Data extracted from a collection:
· · ·

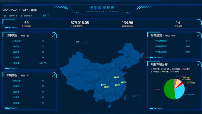 ░ 实时追踪采集数据。从车辆发运开始,系统实时在途追踪,包括车辆所在的经纬度、时速、方向、海拔、行驶状态,实景地图一目了然。
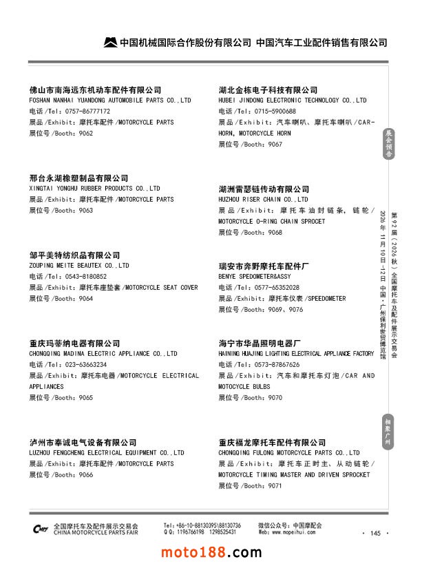 内145 第91届(2026春)全国摩托车及配件展示交易会-福州站参展企业信息
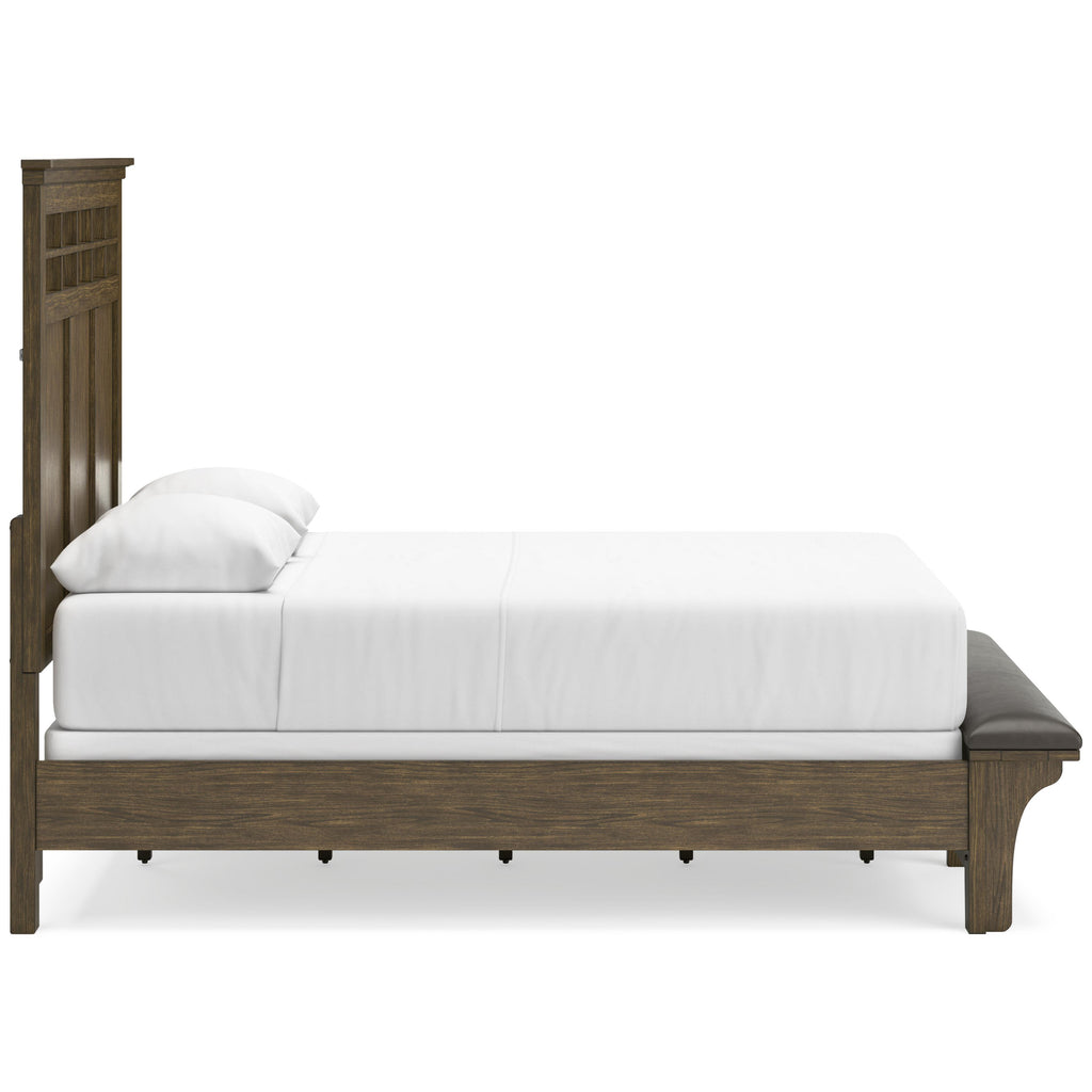 • Includes panel headboard, rails, upholstered bench footboard and slats
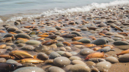 A fish rests on the sandy beach, surrounded by small stones and shells, while ocean waves quietly break in the background, highlighting the distressing issue of marine life decline.
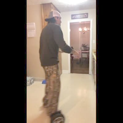 A man falls in the kitchen while he dances to a rap song as he rides a hoverboard while drunk.
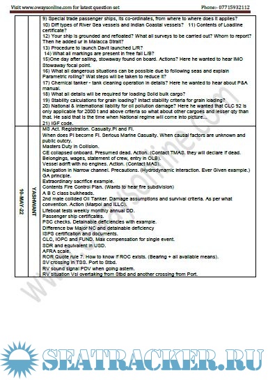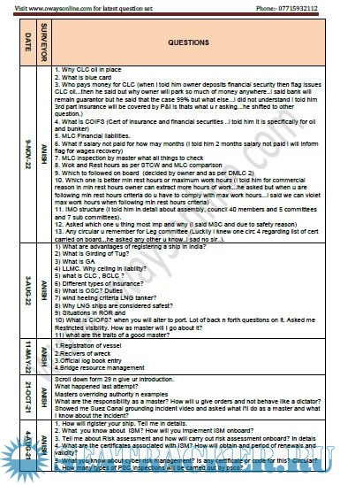 Orals Question Bank (February 2023) for ASM (Advanced Shipboard Management) / Master's Mercantile Marine Department (MMD), India Examinations

· · ·

# Exercise brief
What you give back must match the lines from the start of the records through the line that contains "A fish rests", exactly, with the pictures left out.

# Written response
 ░ 实时追踪采集数据。从车辆发运开始,系统实时在途追踪,包括车辆所在的经纬度、时速、方向、海拔、行驶状态,实景地图一目了然。
 内145 第91届(2026春)全国摩托车及配件展示交易会-福州站参展企业信息
 • Includes panel headboard, rails, upholstered bench footboard and slats
 A fish rests on the sandy beach, surrounded by small stones and shells, while ocean waves quietly break in the background, highlighting the distressing issue of marine life decline.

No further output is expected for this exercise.